» DIRECTIONS FOR THIS TASK
Retype the listing exactly as it stands, and keep every image out.

» INFORMATION PROVIDED
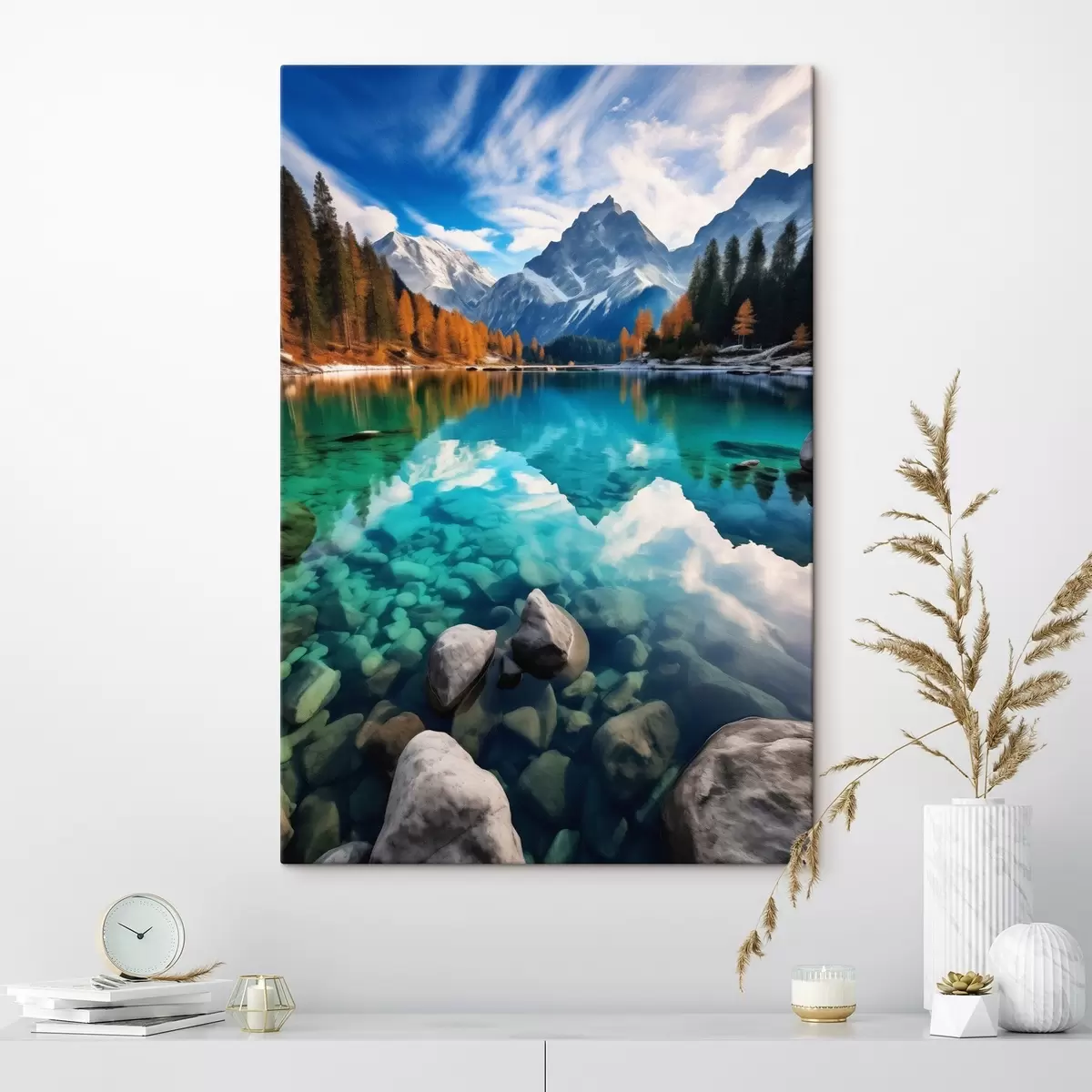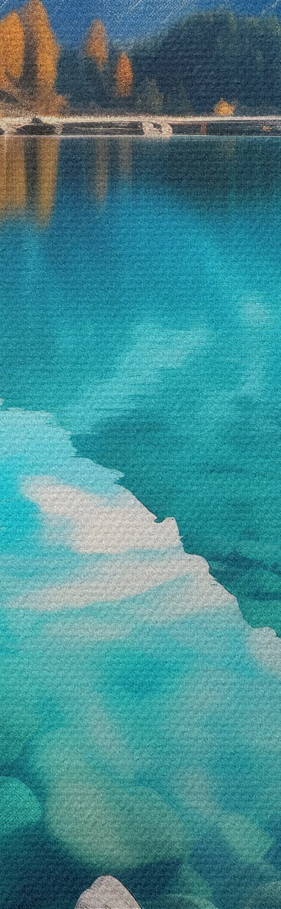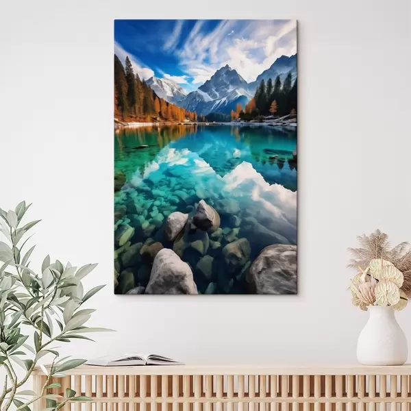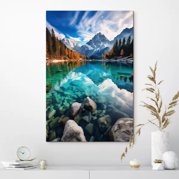 Картина Гірське озеро з бірюзовою водою та осінніми модринами Арт. s46517
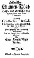 Historischer-|Blumen-Thal,| Geist- und Weltlicher Ge-|schichte, Altes und Neuen| Testaments.| Wie auch| Christophori Besoldi,| J. C. Anweisung zu den Alten Geschich-|ten, von den 4. Monar-|chien.| Von Anfang der Welt biß| Anno 1619.| Aus den Lateinis. ins Hochteutsche| übersetzet| Von| Einen Unglückseligen| Fürsten.| [vignette]| Gedruckt zu Rinteln, 1685![]() |
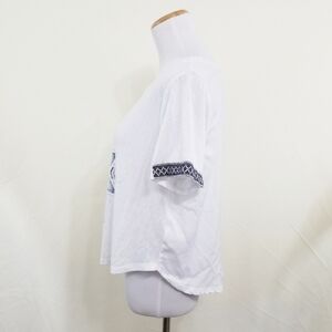 Miss Me cropped fit short sleeve t-shirt. This graphic tee features a navy blue and metallic silver boho geometric star design. White slight sheer fabric. Crew neck. High low hemline. Embroidery trim on sleeve cuffs. Size medium.

» RESULT BELOW
 Картина Гірське озеро з бірюзовою водою та осінніми модринами Арт. s46517
 Historischer-|Blumen-Thal,| Geist- und Weltlicher Ge-|schichte, Altes und Neuen| Testaments.| Wie auch| Christophori Besoldi,| J. C. Anweisung zu den Alten Geschich-|ten, von den 4. Monar-|chien.| Von Anfang der Welt biß| Anno 1619.| Aus den Lateinis. ins Hochteutsche| übersetzet| Von| Einen Unglückseligen| Fürsten.| [vignette]| Gedruckt zu Rinteln, 1685![]() |
 Miss Me cropped fit short sleeve t-shirt. This graphic tee features a navy blue and metallic silver boho geometric star design. White slight sheer fabric. Crew neck. High low hemline. Embroidery trim on sleeve cuffs. Size medium.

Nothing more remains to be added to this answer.